Minneapolis is the first city in the country to vote (12 yes – 1 no) to end single-family zoning restrictions. Yes, Portland OR “is working on a plan” to allow four-plexes in single-family neighborhoods and yes, Seattle “is considering rezoning 6% of its single-family neighborhoods” to include more housing BUT, Minneapolis is the first city in the country to actually vote in favor of ending single-family zoning restrictions.
This two-years-in-the-planning-stage proposal was spearheaded by Minneapolis 2040, a Twin Cities-based municipalities board charged with updating the city’s comprehensive master plan. The City Council’s vote to end single-family zoning is a way to address housing affordability and density.
In Minneapolis, 50% – 60% of the city is zoned for single-family use only. And, similar to other metros around the country, there is not enough housing for the people who want to live in that city due to both lack of supply and lack of affordability. “Increasing our home supply is part of the solution,” said Lisa Bender, president of the Minneapolis City Council.
It is hoped that this lack of affordability issue will be addressed by having the ability to build multifamily housing units in currently single-family neighborhoods.
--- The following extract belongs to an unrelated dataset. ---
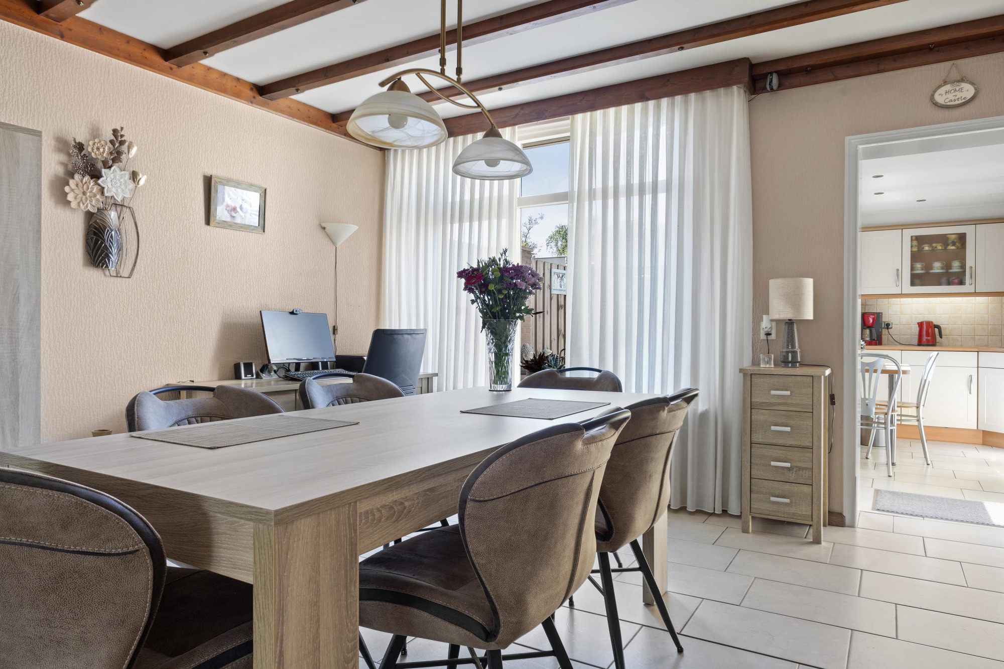 Dit gezellige huis biedt een fijne combinatie van licht, ruimte en privacy! In de woonkamer, waar je geniet van veel daglicht, creëer je een knusse sfeer in een handomdraai, dankzij de haard. De eethoek nodigt uit tot heerlijke diners met vrienden en familie. Hoewel de keuken wat gedateerd is momenteel, kun je hier de lekkerste maaltijden bereiden. Het biedt jou ook de kans om jouw stempel te drukken en het helemaal eigen te maken. Je beschikt hier over drie slaapkamers. Wil je liever een extra (slaap)kamer? Dan kun je eenvoudig een vaste trap realiseren en daarmee een vierde slaapkamer.

Multifamily housing is, sometimes, more affordable than single-family housing.
Currently, the population of approximately 400,000 in Minneapolis includes the following homeowner demographic groups: 60% whites own their own homes and 25% Hispanics African Americans, Native Americans own their own homes.
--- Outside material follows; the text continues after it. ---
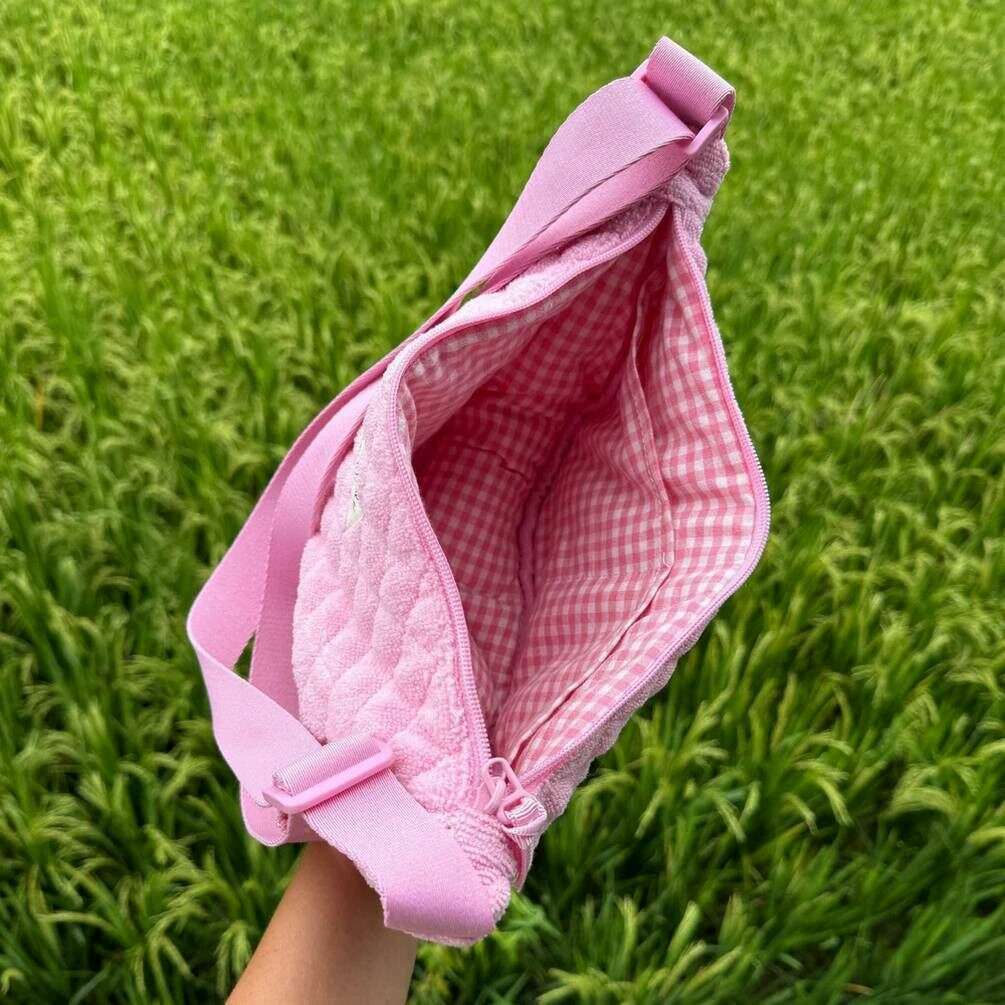 Aus 100 % Baumwolle gefertigt ist diese rosafarbene Candy-Mini-Umhängetasche für Damen des Designers Moon Nude. Es misst 17 cm (Höhe) x 28 cm (Breite) x 10 cm (Tiefe). Es wird empfohlen, es von Hand in kaltem Wasser mit einem milden Reinigungsmittel zu waschen oder es im Schonwaschgang auf links zu waschen. um diese Tasche in gutem Zustand zu halten. Alle Taschen werden komplett in einer Moon-Nude-Verpackung geliefert. Die Moon Nude Candy Mini-Umhängetasche – Pink verfügt über ein wunderschönes handgefertigtes Steppdesign. Perfekt für unterwegs, sei es zu einem besonderen Anlass oder für den täglichen Gebrauch. Diese Umhängetasche verfügt über einen Reißverschluss zur Sicherheit, einen verstellbaren Riemen für Komfort und Innentaschen für mehr Komfort.

It is also hoped that addressing the affordability and supply issues Minneapolis as a whole will help to “chip away at the city’s history of intentional segregation,” said Bender.
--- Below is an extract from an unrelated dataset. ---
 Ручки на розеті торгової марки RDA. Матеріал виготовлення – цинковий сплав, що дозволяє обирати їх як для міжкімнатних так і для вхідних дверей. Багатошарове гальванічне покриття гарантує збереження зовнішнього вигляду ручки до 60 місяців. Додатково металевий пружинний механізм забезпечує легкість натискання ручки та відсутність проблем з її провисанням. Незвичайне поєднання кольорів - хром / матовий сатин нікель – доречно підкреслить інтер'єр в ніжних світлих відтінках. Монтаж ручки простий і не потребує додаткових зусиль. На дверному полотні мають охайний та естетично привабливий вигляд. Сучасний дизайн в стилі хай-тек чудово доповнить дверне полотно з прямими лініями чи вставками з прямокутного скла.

Michael Lens, an associate professor for urban planning and public policy at the University of California at Los Angeles, said that the effect of ending single-family zoning in Minneapolis (or any other city for that matter), “…could take years to know whether of not these efforts will be successful…” in addressing supply, affordability and inequity issues. “Maybe the best measure of change would be no perceptible change at all.
Slate added its perspective on this vote to end single-family zoning as “…the most important housing reform in America…” that could be used “…as a blueprint that other cities could follow to curb high housing costs and sprawl.”